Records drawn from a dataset

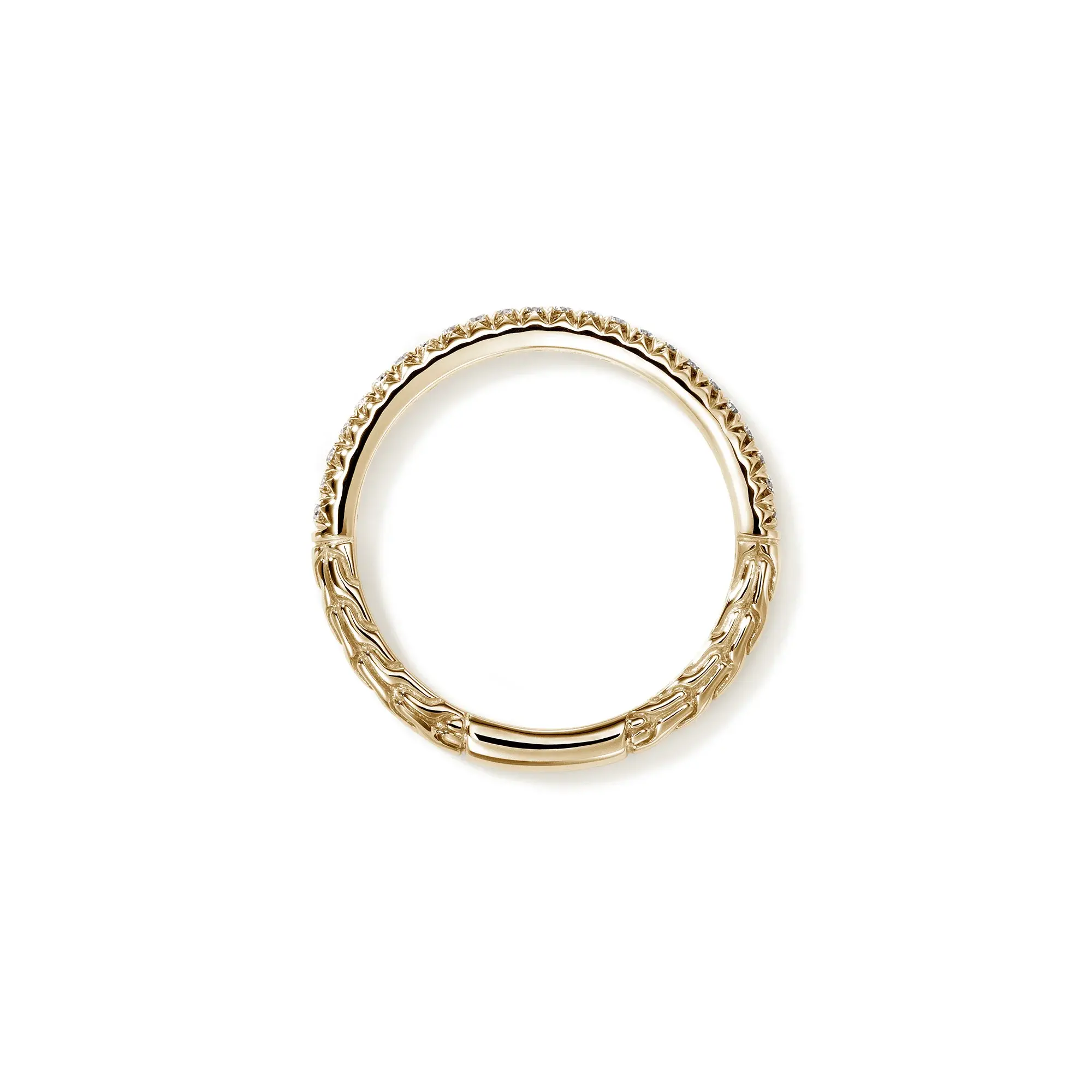 Bague en or jaune 14K, pavée de diamants 0.24ct provenant de sources éthiques. Collection JH Essential. Largeur de l’anneau : 2 mm.
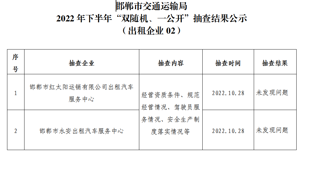 邯郸市交通运输局2022年下半年“双随机、一公开”抽查结果公示(出租企业02)
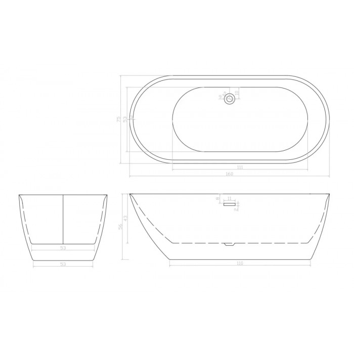 Ванна акриловая отдельностоящая 160х75 Cerutti SPA COMO160 CT9901
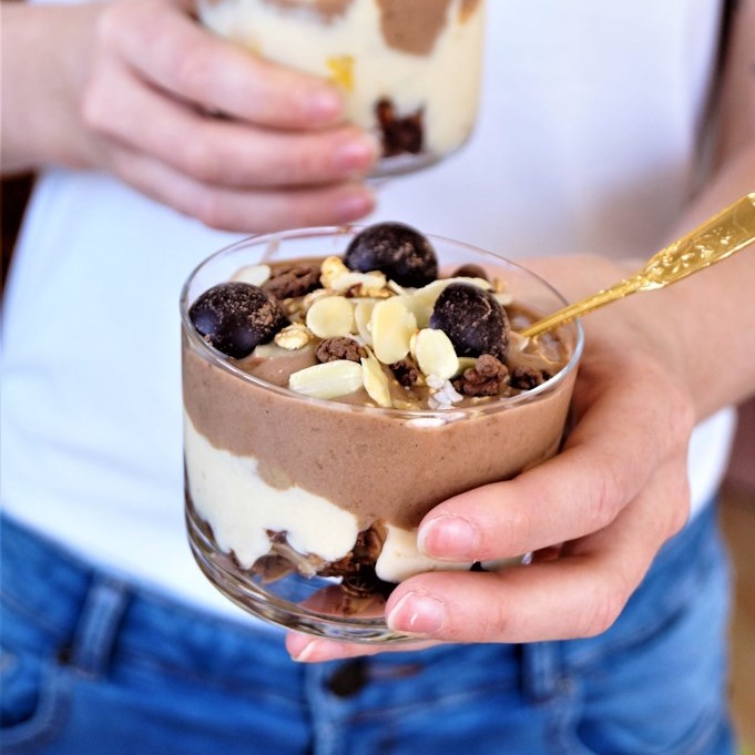 Ein knuspriges Granola, veredelt mit einem Haselnussnougat und Schoko-Flocs, gefolgt von einer cremigen Mangoschicht und einem samtigen Schokoladen-Nicecream. Frisch, fruchtig und ein richtiger Energiekick. Perfekt als süßes Frühstück, gesunder Nachtisch oder einfach als erfrischender Snack für zwischendurch.
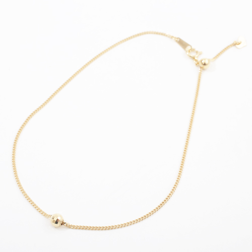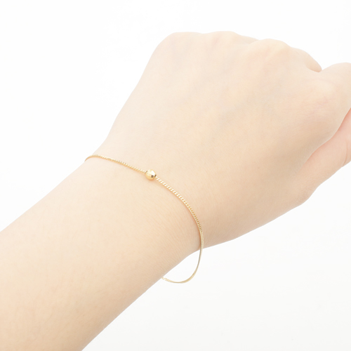 高級素材・18金(K18)を贅沢に使用した、繊細で細くシンプルなのに存在感抜群のキヘイブレスレット。さり気ないおしゃれを手首に演出してくれます。リストウォッチやダイヤモンドのブレスレットなどとのコーディネートをお楽しみいただけます。どんな服装にも合わせやすく、カジュアルはもちろん、オフィススタイルやフォーマルなスタイルに合わせて頂いても素敵です。しかも約23cmまでのお好みの長さに調整できるスライド式がうれしい。ブレスレットのセンター部分には、ワンポイントのミラクルカットのミラーボールがキラリと輝き、エンド部分には可愛いハートのチャームが付いた仕様です。長さ約23cmは一般的にアンクレットとしてもお使いいただけるサイズですので是非お試し下さい。
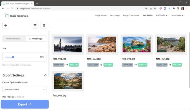 ImageResizer é um site que oferece uma forma simples e rápida de você redimensionar imagens em lote. Você pode redimensionar as imagens especificando as dimensões exatas ou redimensioná-las definindo uma porcentagem da imagem original. Ele é capaz de redimensionar imagens JPG e PNG.
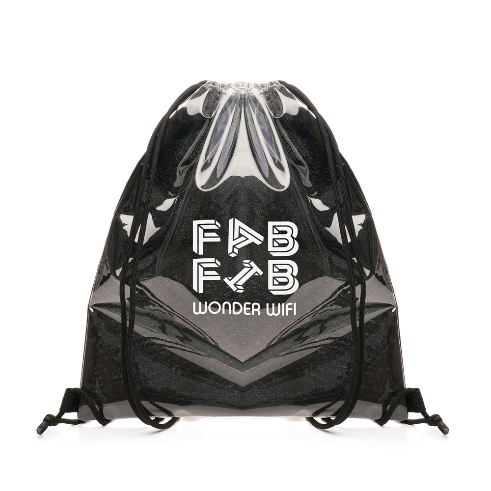 TRANSPARENT FABRIC DRAWSTRING BAG
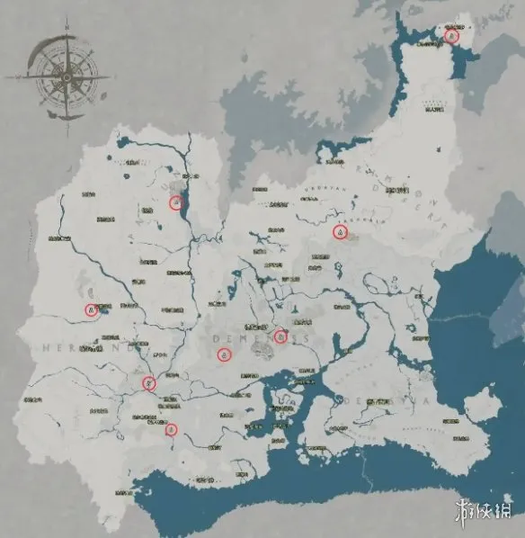 除了自建工坊,游戏世界中还存在多处固定染色点。下方地图清晰标注了所有可用的染坊位置,方便你随时进行色彩改造。
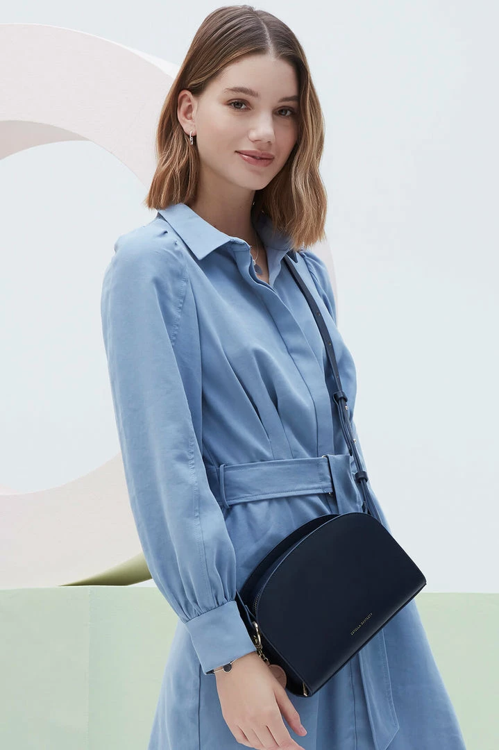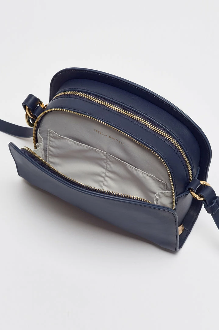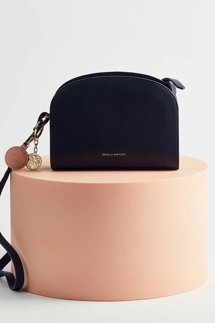An Estella Bartlett twist on the classic half moon bag. The Deacon is effortlessly elegant, and the perfect size to contain everything you need out and about. In smooth black faux leather, this will soon become your new favourite.
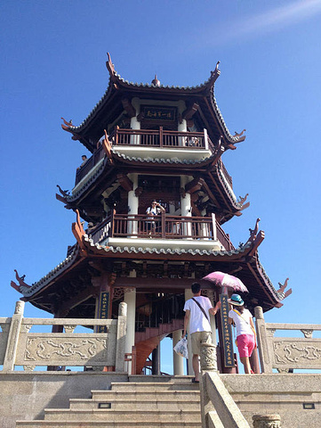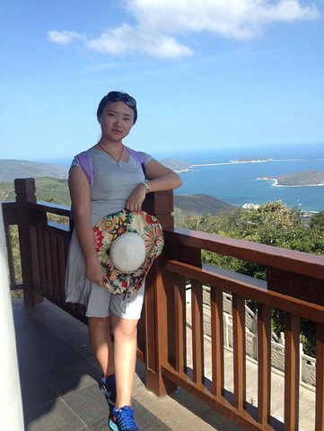 走了一小会儿后,决定乘坐观光车直接到山顶。有个楼亭可以上去,眺望天际,看到的但是海岸线与天际交汇融合,满眼的温暖蓝色系,美不胜收,加上微风吹拂,此刻只想有张床,美美的闭目养神!既然没有床,那也不用辜负这般风景,美美的和大自然来张合照吧。
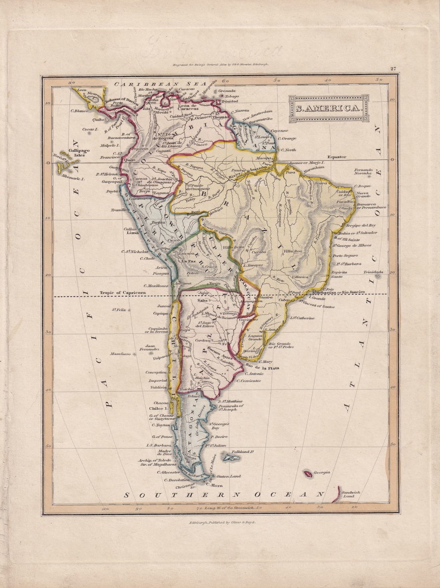 Antique Map, South America, 1845, credit Antiche Curiosità©
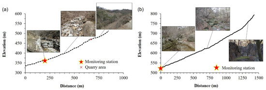 Post-fire monitoring of bedload transport was performed in the southern part of the Korean Peninsula (Table 1 and Figure 2). The burned catchment is located upstream of the Hwang River in Geochang-gun (latitude: 35°45′3′′ N, longitude: 127°52′1′′ E), where the humid continental climate (Köppen Dwa) prevails with a mean annual temperature of 12.4 °C. It is a small-scale mountainous catchment with an area of 30.8 ha (Figure 2a,b). The average annual precipitation in this area is 1460.2 mm, with 69.5% of the annual precipitation occurring during the rainy season from June to September (based on precipitation records from 1997 to 2021 at the Buksang Automatic Weather Station managed by the Korea Meteorological Administration). Geologically, the catchment consists mainly of granite, with biotite granite being the representative rock formation. The soil type is dominantly sandy loam. Until the early 2000s, soil and rocks were collected approximately 400.0 m upstream of the monitoring point. The damaged area was approximately 2.4 ha, but was restored in the mid-2000s. Topographically, the catchment is characterized by a steep slope with an average angle of 32.4°. In particular, the incision slope of the quarry area and the rocky slope of the catchment showed an angle of more than 60.0°.
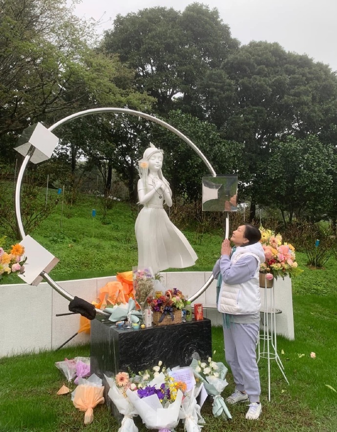 S妈去看大S了S妈晒大S雕像 S妈晒大S雕像,说还看到了很多粉丝来送花看大S,会
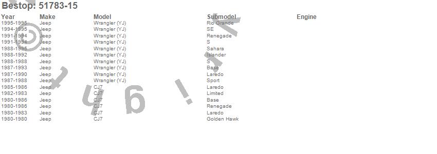 Brand: BestopPart Number: 51783-15Door Type: Black Denim - 2 pc. - Front - Fits PN[51603/51698/53818]UPC: 077848048099
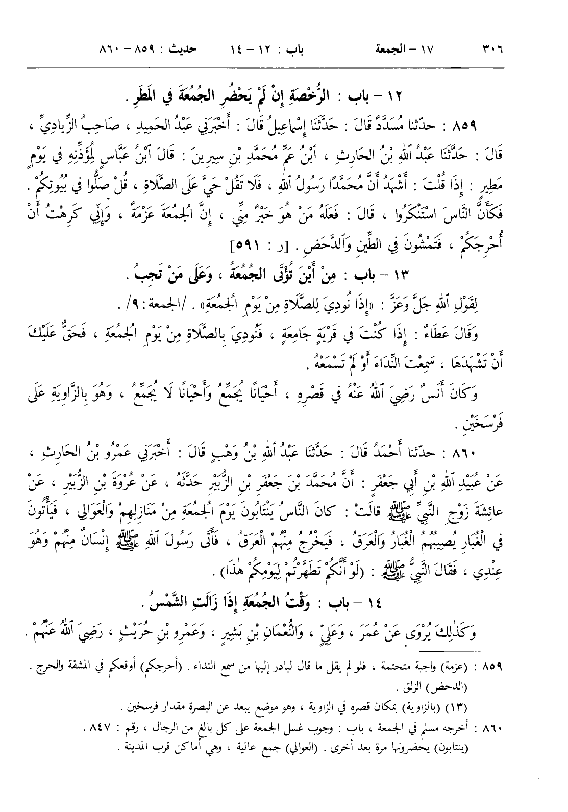 13 - باب من أين تؤتى الجمعة وعلى من تجب
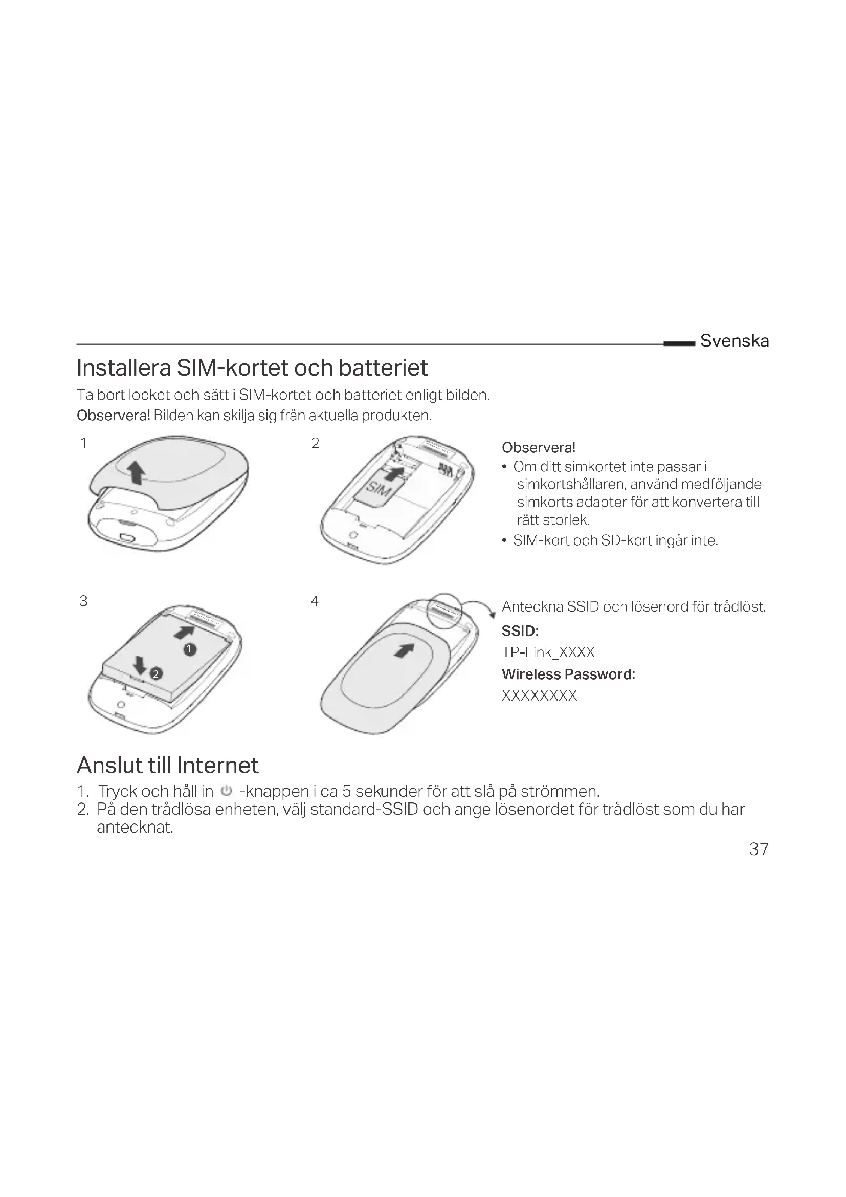 - SIM-kort och SD-kort ingår inte. Anteckna SSID och lösenord för trådlöst. SSID: TP-Link_XXXX Wireless Password: XXXXXXXX38 Svenska Obs! Vi rekommenderar att du ändrar standardinställningarna för trådlös namn och lösenord för nät- verkssäkerhet. Njut! Obs!

(HOW TO COMPLETE THIS TASK) An exact copy of all the lines above is required, with the pictures removed.

(THE ANSWER)
 Bague en or jaune 14K, pavée de diamants 0.24ct provenant de sources éthiques. Collection JH Essential. Largeur de l’anneau : 2 mm.
 邯郸市交通运输局2022年下半年“双随机、一公开”抽查结果公示(出租企业02)
 Ванна акриловая отдельностоящая 160х75 Cerutti SPA COMO160 CT9901
 Ein knuspriges Granola, veredelt mit einem Haselnussnougat und Schoko-Flocs, gefolgt von einer cremigen Mangoschicht und einem samtigen Schokoladen-Nicecream. Frisch, fruchtig und ein richtiger Energiekick. Perfekt als süßes Frühstück, gesunder Nachtisch oder einfach als erfrischender Snack für zwischendurch.
 高級素材・18金(K18)を贅沢に使用した、繊細で細くシンプルなのに存在感抜群のキヘイブレスレット。さり気ないおしゃれを手首に演出してくれます。リストウォッチやダイヤモンドのブレスレットなどとのコーディネートをお楽しみいただけます。どんな服装にも合わせやすく、カジュアルはもちろん、オフィススタイルやフォーマルなスタイルに合わせて頂いても素敵です。しかも約23cmまでのお好みの長さに調整できるスライド式がうれしい。ブレスレットのセンター部分には、ワンポイントのミラクルカットのミラーボールがキラリと輝き、エンド部分には可愛いハートのチャームが付いた仕様です。長さ約23cmは一般的にアンクレットとしてもお使いいただけるサイズですので是非お試し下さい。
 ImageResizer é um site que oferece uma forma simples e rápida de você redimensionar imagens em lote. Você pode redimensionar as imagens especificando as dimensões exatas ou redimensioná-las definindo uma porcentagem da imagem original. Ele é capaz de redimensionar imagens JPG e PNG.
 TRANSPARENT FABRIC DRAWSTRING BAG
 除了自建工坊,游戏世界中还存在多处固定染色点。下方地图清晰标注了所有可用的染坊位置,方便你随时进行色彩改造。
An Estella Bartlett twist on the classic half moon bag. The Deacon is effortlessly elegant, and the perfect size to contain everything you need out and about. In smooth black faux leather, this will soon become your new favourite.
 走了一小会儿后,决定乘坐观光车直接到山顶。有个楼亭可以上去,眺望天际,看到的但是海岸线与天际交汇融合,满眼的温暖蓝色系,美不胜收,加上微风吹拂,此刻只想有张床,美美的闭目养神!既然没有床,那也不用辜负这般风景,美美的和大自然来张合照吧。
 Antique Map, South America, 1845, credit Antiche Curiosità©
 Post-fire monitoring of bedload transport was performed in the southern part of the Korean Peninsula (Table 1 and Figure 2). The burned catchment is located upstream of the Hwang River in Geochang-gun (latitude: 35°45′3′′ N, longitude: 127°52′1′′ E), where the humid continental climate (Köppen Dwa) prevails with a mean annual temperature of 12.4 °C. It is a small-scale mountainous catchment with an area of 30.8 ha (Figure 2a,b). The average annual precipitation in this area is 1460.2 mm, with 69.5% of the annual precipitation occurring during the rainy season from June to September (based on precipitation records from 1997 to 2021 at the Buksang Automatic Weather Station managed by the Korea Meteorological Administration). Geologically, the catchment consists mainly of granite, with biotite granite being the representative rock formation. The soil type is dominantly sandy loam. Until the early 2000s, soil and rocks were collected approximately 400.0 m upstream of the monitoring point. The damaged area was approximately 2.4 ha, but was restored in the mid-2000s. Topographically, the catchment is characterized by a steep slope with an average angle of 32.4°. In particular, the incision slope of the quarry area and the rocky slope of the catchment showed an angle of more than 60.0°.
 S妈去看大S了S妈晒大S雕像 S妈晒大S雕像,说还看到了很多粉丝来送花看大S,会
 Brand: BestopPart Number: 51783-15Door Type: Black Denim - 2 pc. - Front - Fits PN[51603/51698/53818]UPC: 077848048099
 13 - باب من أين تؤتى الجمعة وعلى من تجب
 - SIM-kort och SD-kort ingår inte. Anteckna SSID och lösenord för trådlöst. SSID: TP-Link_XXXX Wireless Password: XXXXXXXX38 Svenska Obs! Vi rekommenderar att du ändrar standardinställningarna för trådlös namn och lösenord för nät- verkssäkerhet. Njut! Obs!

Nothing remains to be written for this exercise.